The West African nation of Togo is one of the smallest countries in Africa and is bordered by Ghana to the west, Benin to the east, and Burkina Faso to the north. Although in recent years it has become more known for violence, riots and human rights abuses, when one sees the beautiful beaches here and meets the warm, friendly people, it is not hard to see why Togo was once known as the “pearl of West Africa.” The capital city of Lomé, located on the Gulf of Guinea, is the largest and most populous city of this nation, and is famous for its colorful marketplaces, including the famous Lomé Grand Market, referred to in French as the Grande Marche, which occupies an entire city block, among many others. All things told, it is actually a rather pleasant and quaint place to pay a visit in peaceful times.

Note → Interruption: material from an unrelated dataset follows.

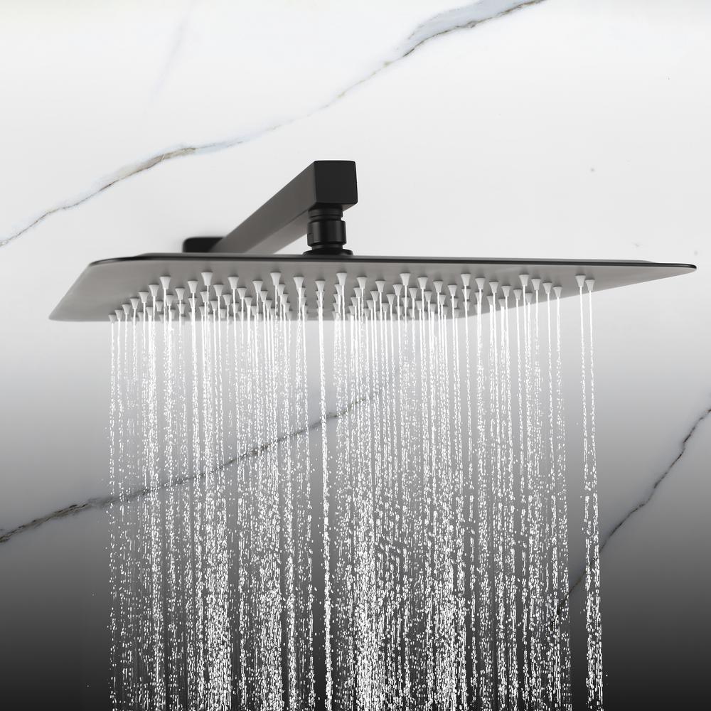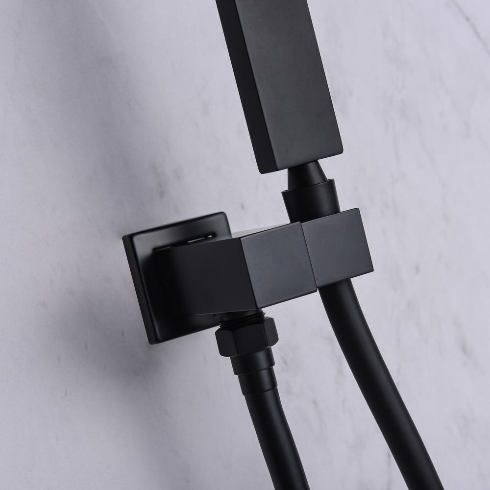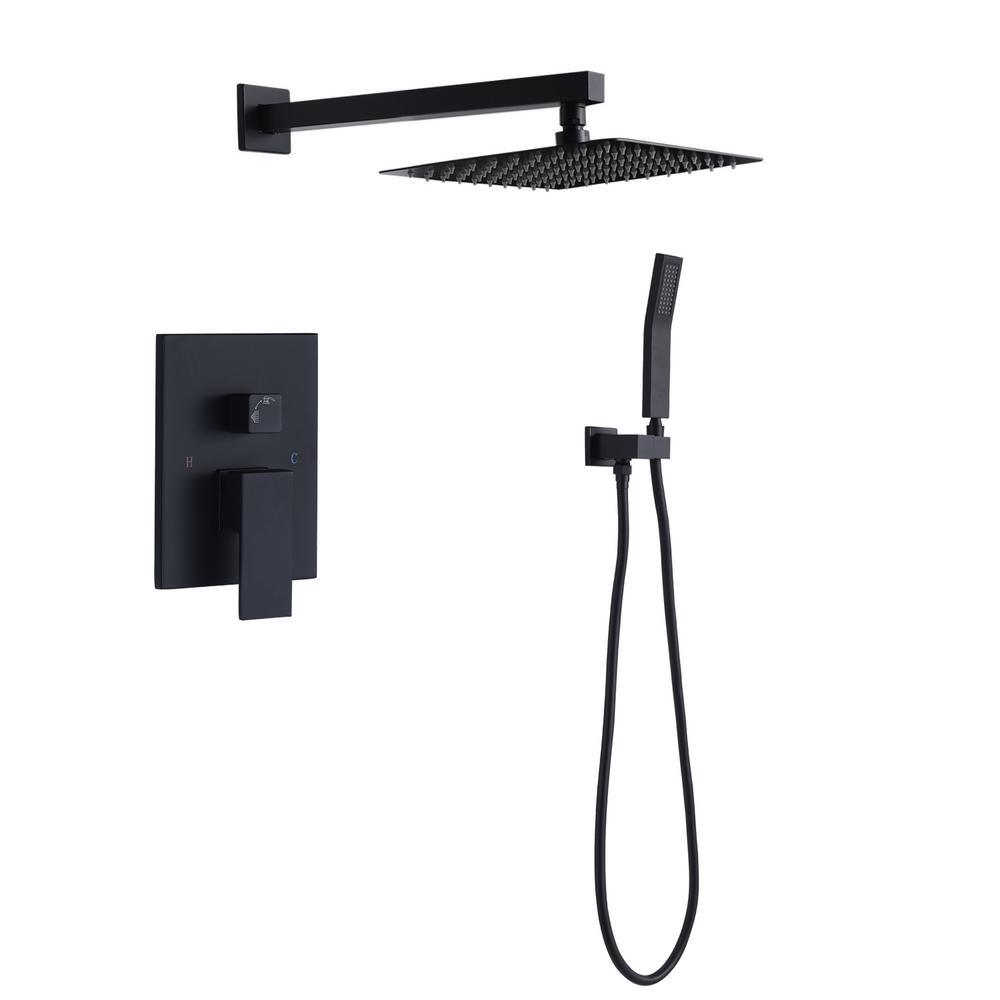 - What You Get -- All parts of the rain shower set are made of high-quality materials with professional technology. Those parts include 10-inch square rainfall shower head, handheld shower head, 15-inch shower arm, shower holder, pre-embedded valve, and 60-inch shower hose. The matte black finish and brass combination offers anti- corrosion and classical looking.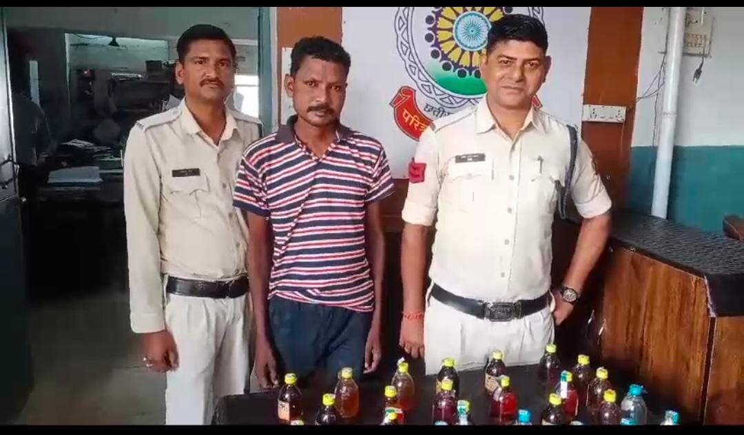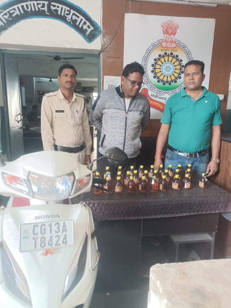 वहीं, दूसरी कार्रवाई में दुर्गा चौक के पास स्कूटी (CG 13 AT 8424) से *विजय टंडन पिता आंनद कुमार टंडन उम्र 38 वर्ष निवासी कयाघाट वार्ड क्र. 29 जूटमिल* को गिरफ्तार किया गया। उसकी स्कूटी की डिक्की से 30 पाव देशी शराब (5.400 लीटर) जब्त हुई। दोनों आरोपियों ने शराब को अवैध रूप से बेचने की बात स्वीकार की है। पुलिस ने आरोपियों पर आबकारी अधिनियम के तहत मामले दर्ज कर न्यायिक हिरासत में भेज दिया है। इस कार्रवाई में निरीक्षक मोहन भारद्वाज के साथ हमराह स्टाफ प्रधान आरक्षक सतीश पाठक, खीरेन्द्र जलतारे, आरक्षक तरुण महिलाने, सुशील यादव, जितेश चौहान और नरेश रजत की महत्वपूर्ण भूमिका रही। पुलिस की इस त्वरित कार्रवाई से क्षेत्र में अवैध शराब तस्करों के हौसले पस्त हुए हैं और स्थानीय लोगों ने इस पहल की सराहना की है। पुलिस ने साफ किया है कि अवैध गतिविधियों पर यह सख्ती लगातार जारी रहेगी।

As one takes in the sights of the city and wanders about the numerous marketplaces and bazaars on offer here, you might notice what from a distance appears to be merely just another of the cities many such markets. As you approach, you can probably make out the vendors going about their daily business and selling their wares, as well as tables piled high with something you cannot yet quite make out. Then, as you approach, the smell hits you. Even in the open air, the atmosphere becomes redolent with the thick, heady stench of what can only be described as the smell of rot and death. Pervading the air is a potent brew of the scent of rotting animal carcasses, exotic smelling herbs, and sun caked mud, all coming together to form a nauseating stink that blankets the area and invades the nostrils. As you approach even closer, somehow suppressing the haunting, putrid stench which saturates the air, you may start to notice that the tables, which you at first may have assumed were packed with fruits, spices, meat, or dried fish like many of the markets here, are actually overflowing the macabre sight of desiccated blank-eyed animal heads in various states of decay, dried animals of all sorts, all manner of bones and skulls, the dismembered hands, paws, claws, tails, and other assorted amputated parts of who knows what creatures, as wells as spooky blood stained idols and creepy wooden dolls all vying for your attention in a gut wrenching ghastly display sure to leave you reeling with its sheer grotesqueness. You have just stumbled across the Akodessewa Fetish Market, also known to the locals as the Marche des Feticheurs, the world’s largest market for all things related to voodoo.

Yes, voodoo, or as the locals call it, Vodoun. While many have the image that voodoo is a product of Caribbean nations such as Haiti, it actually has its roots in West Africa, where it flourished for centuries in countries such as Togo, Nigeria, Ghana, and Benin before being taken by slaves to America and the Caribbean, where it became what we now know as voodoo. Today, voodoo is actively practiced in many West African nations such as Togo, where at least 60% of the people still maintain its traditions, and it is the official religion of neighboring Benin. Voodoo is a complex religion involving countless different rituals, spells, ceremonies, and indeed animal sacrifices, for which various exotic ingredients are needed which are not typically available in your ordinary market, or drugstore for that matter. This is where the Akodessewa Fetish Market comes in, a veritable supermarket and one-stop shopping mecca for fetishes, charms, trinkets, idols, animal parts, herbs, and everything else a voodoo practitioner or witch doctor could ever possibly need, and people travel here from all corners of West Africa and even as far away as the Congo to stock up on what they need.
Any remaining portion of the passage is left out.